Ketika akhirnya Maya menoleh kebelakang, gue terkejut. Dia berubah, drastis untuk ukuran waktu yang tak lama. Gue berjalan menghampirinya.

Maya mengenakan kemeja berkerah sabrina, dengan rok rumbai yang sesekali bergerak terkena angin. Rambutnya tergerai, bukan lagi bentuk bob yang mencuat, melainkan panjang sampai punggung. Tampak lembut dan berkilau karena matahari.

Gue berusaha agar terlihat biasa seolah selama ini tidak ada apapun. Karena yang gue inginkan bukanlah kabar darinya, atau sebuah kalimat basa-basi mengenai hidupnya sekarang. Yang gue harapkan hanyalah kotak itu, kotak yang katanya berisi jawaban.

Gue melangkah mendekat,

"Kenapa lo melakukan ini?" gue membiarkan kalimat itu keluar begitu saja seolah wajar untuk menanyakannya.

"Kenapa bukan dia yang datang?"

Gue menyamakan posisi dengannya, berdampingan berdiri disana. Langit sudah dicoret beberapa sabetan oranye, yang entah kenapa membuat gue merasa hangat.

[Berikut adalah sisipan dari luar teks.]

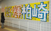 長野・岡谷市の湊小学校から送られた励ましの横断幕=市民プラザ (2008/01/18)
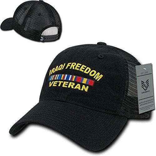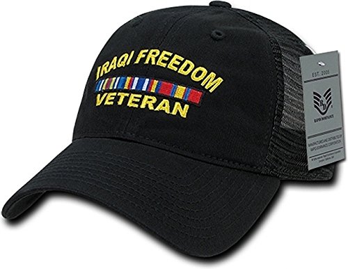 Product DescriptionRapDom Iraq Freedom Veteran Relaxed Trucker Mens Cap Adjustable - Black. Iraq Freedom Vet With Ribbons0
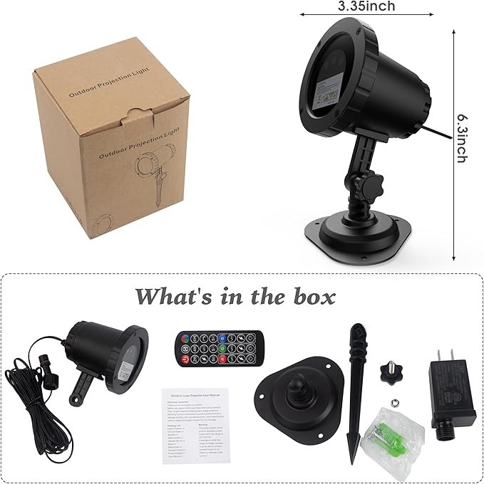 - 【Larger Projection Area】- Compared with most indoor star projector lights on the market, our projector lights have a larger projection area and can cover your garden or the entire exterior wall of your house. The farther the distance, the larger the projected area.
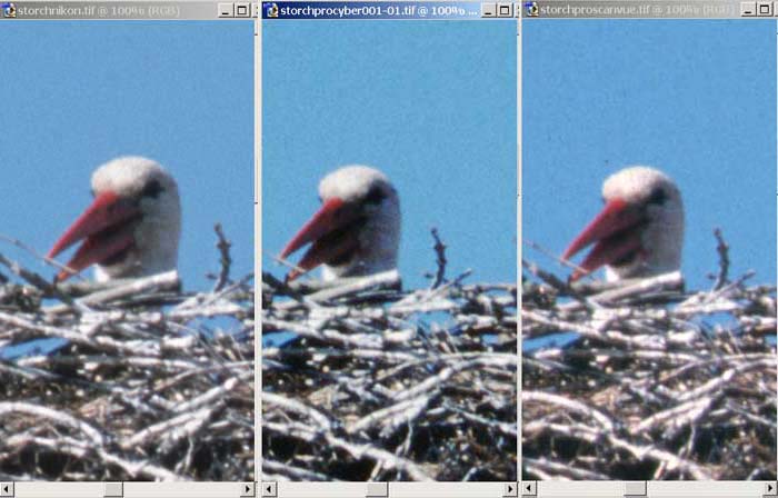 Die Detailvergrösserungen zeigen, daß der Nikon Coolscan 4000 und der Reflecta Proscan mit VueScan gute Ergebnisse bringen. Cyberview betont die Schatten. Durch die Kontrasterhöhung wirkt das Ergebnis scharf, doch die genauere Betrachtung zeigt, daß in den dunklen Partien erheblich Zeichnung verloren geht. Rechts neben dem Schnabel kann man auf dem Cyberviewscan erkennen, daß die hellen Federn bläulich werden.
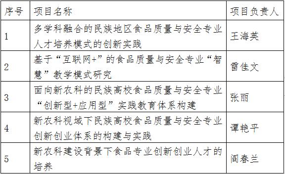 8月27日,教育部高等教育司公示了关于新农科研究与改革实践项目拟立项名单,拟对407个新农科研究与改革实践项目予以立项。必赢官网生科学院承担的5个项目主要研究方向是新型农林人才培养改革实践,主要以涉农专业食品质量与安全为依托平台。
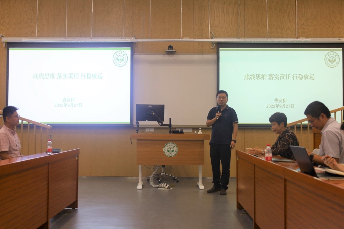 最后,曹发和院长助理作题为“底线思维,落实责任,行稳致远”实验室安全管理工作的主题发言。他介绍了学院实验室安全管理制度的建设情况、典型隐患以及相应的整改措施。他希望老师们高度重视实验室安全管理工作,认真学习实验室管理的相关制度文件,切实承担起安全责任,杜绝安全隐患。

Maya menarik nafas, seperti ingin menjelaskan sesuatu namun terlalu ragu.

"Karena dia takkan bisa kembali, Fran."

Ketika dia mengatakan itu, seolah ada bongkahan raksasa yang menghantam hati. Gue berusaha menutupi kekecewaan serta amarah karena ucapan tersebut.

"Apa maksud lo?" Gue menatapnya, mencari jawaban yang mungkin dia sembunyikan.

"Kenapa lo berani bilang gitu?"

Maya tidak mau melihat, ini semua kembali seperti permainan bagi gue. Apa sulitnya bicara? Gue bukan berada disini untuk menunggu. Apa yang dia inginkan sebenarnya?

"Why you want me to come?" Sekali lagi gue mencoba bertanya.

Maya membalikkan badan, tiba-tiba. lalu dia membuat gestur seperti mengajak gue untuk meninggalkan jembatan itu.

"Lo mau kemana?" Gue melangkah mengikutinya.

Maya menoleh sekilas, kemudian menunjuk sebuah kursi di bawah pohon cemara. Seulas senyum muncul di bibirnya, tanda yang entah berarti apa.

"Kita bisa memulainya disana." Dia berkata, "Dan lo nggak perlu menanyakan apa-apa lagi karena yang akan gue berikan adalah jawaban untuk semuanya."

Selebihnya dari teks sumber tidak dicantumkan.